Records to use:
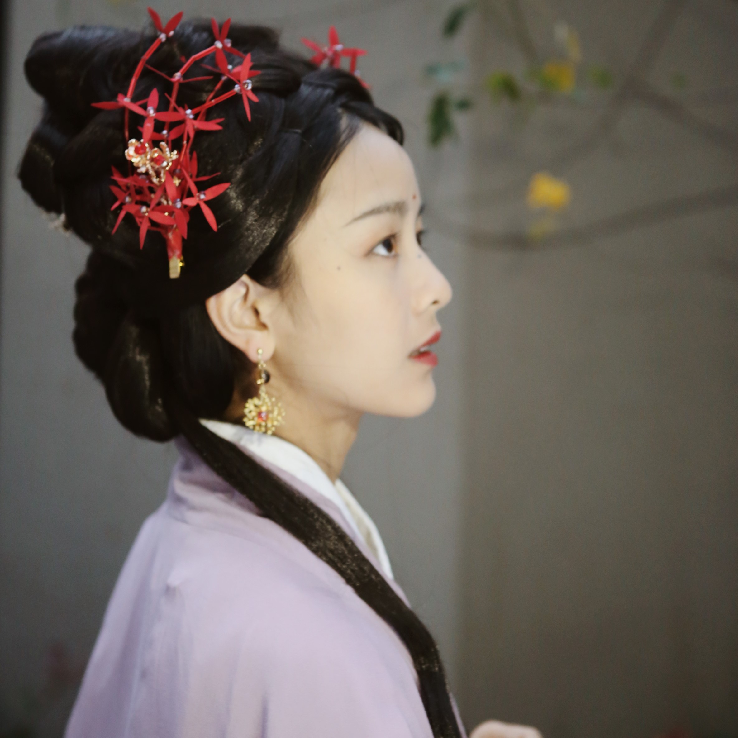 Hanfu Hair Accessories Rental (Frost-Ling Cabinet) Red Shoal Willingness Banquet Mountain Pavilion Red Silk yarn Flowers Ancient Wind Hairpin 1F0154
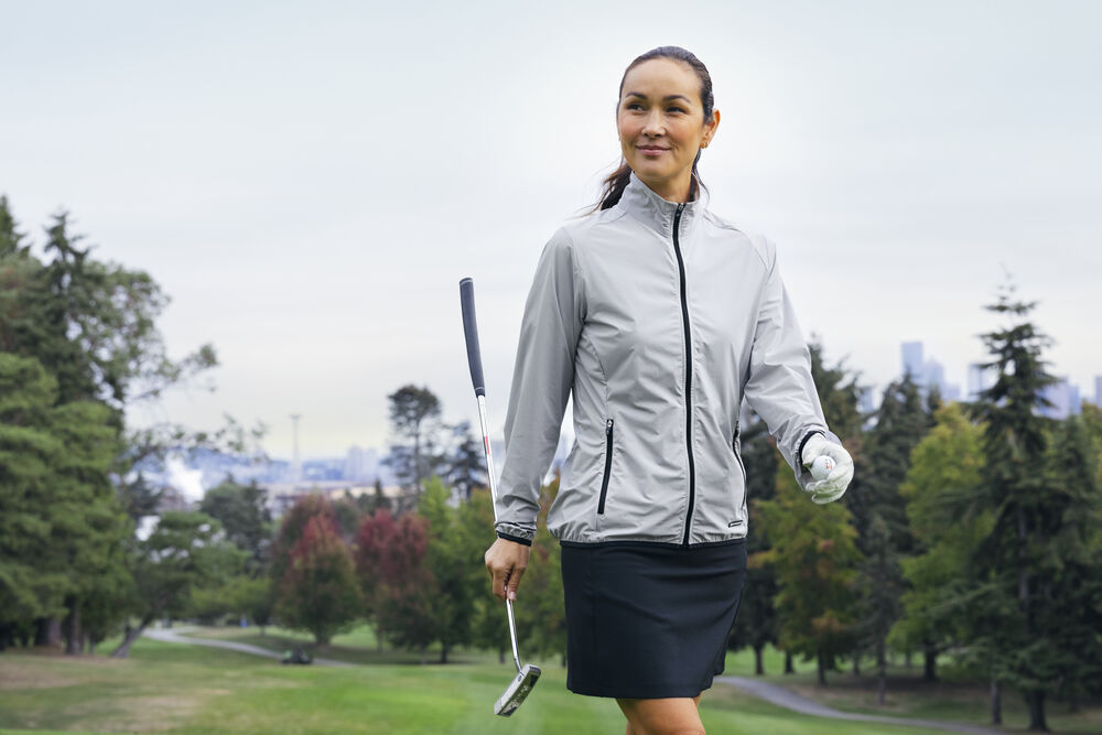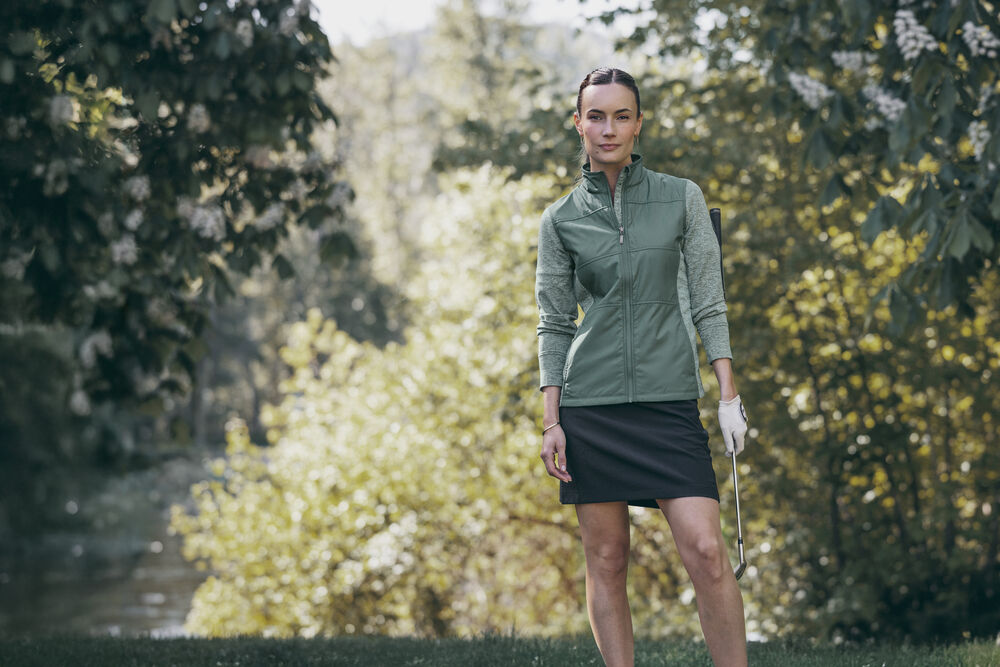 Mit schmeichelnden Linien, feuchtigkeitsableitendem Performance-Material und hervorragenden Stretch-Eigenschaften sorgt dieser Rock für einen bequemen Sitz und ist ein richtiger Hingucker auf dem Golfplatz. Inklusive 50+ UV-Schutz für sonnige Tage. Ein elastischer Bund zum Anziehen und versteckte Reißverschlusstaschen runden dieses Design ab. Ein sehr schönes Teil.
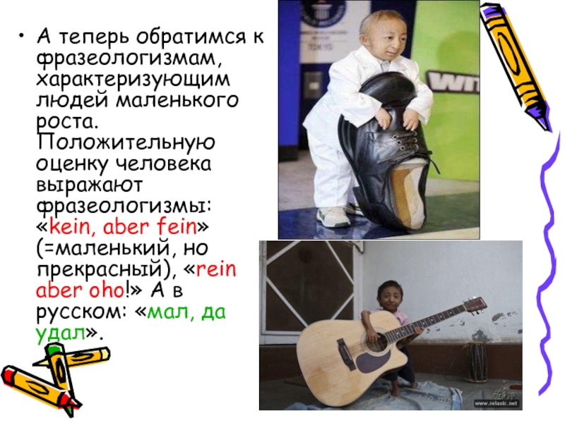 человека выражают фразеологизмы: «kein, aber fein» (=маленький, но прекрасный), «rein aber oho!» А в русском: «мал, да удал».
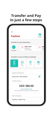 Obavljajte plaćanja i prijenose bilo kada i bilo gdje s lakoćom. Pošaljite novac prijateljima, obitelji ili tvrtkama putem PayNow-a ili jednostavno skenirajte i platite u trgovinama. Uživajte u najpovoljnijim tečajevima prilikom prijenosa sredstava iz Singapura u Maleziju, osiguravajući da dobijete više za svoj novac. Zaboravite na čekanje u poslovnicama – sada možete obavljati sve usluge vezane uz račun ili kartice iz udobnosti svog doma, štedeći dragocjeno vrijeme.
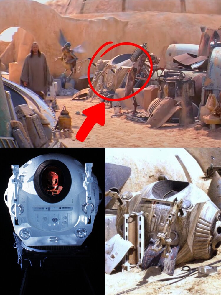 While Lucasfilm never officially stated it on record, this inclusion feels deliberate. Kubrick’s 2001 set the standard for realistic space exploration and inspired generations of filmmakers—including George Lucas himself. Hiding the EVA Pod in Watto’s junkyard is a subtle nod from Lucas to the visionary who paved the way for Star Wars.

Task: Write out, word for word, only the lines from the one containing "Mit schmeichelnden Linien, feuchtigkeitsableitendem" to the end of the data above; the pictures stay out.

Answer section:
 Mit schmeichelnden Linien, feuchtigkeitsableitendem Performance-Material und hervorragenden Stretch-Eigenschaften sorgt dieser Rock für einen bequemen Sitz und ist ein richtiger Hingucker auf dem Golfplatz. Inklusive 50+ UV-Schutz für sonnige Tage. Ein elastischer Bund zum Anziehen und versteckte Reißverschlusstaschen runden dieses Design ab. Ein sehr schönes Teil.
 человека выражают фразеологизмы: «kein, aber fein» (=маленький, но прекрасный), «rein aber oho!» А в русском: «мал, да удал».
 Obavljajte plaćanja i prijenose bilo kada i bilo gdje s lakoćom. Pošaljite novac prijateljima, obitelji ili tvrtkama putem PayNow-a ili jednostavno skenirajte i platite u trgovinama. Uživajte u najpovoljnijim tečajevima prilikom prijenosa sredstava iz Singapura u Maleziju, osiguravajući da dobijete više za svoj novac. Zaboravite na čekanje u poslovnicama – sada možete obavljati sve usluge vezane uz račun ili kartice iz udobnosti svog doma, štedeći dragocjeno vrijeme.
 While Lucasfilm never officially stated it on record, this inclusion feels deliberate. Kubrick’s 2001 set the standard for realistic space exploration and inspired generations of filmmakers—including George Lucas himself. Hiding the EVA Pod in Watto’s junkyard is a subtle nod from Lucas to the visionary who paved the way for Star Wars.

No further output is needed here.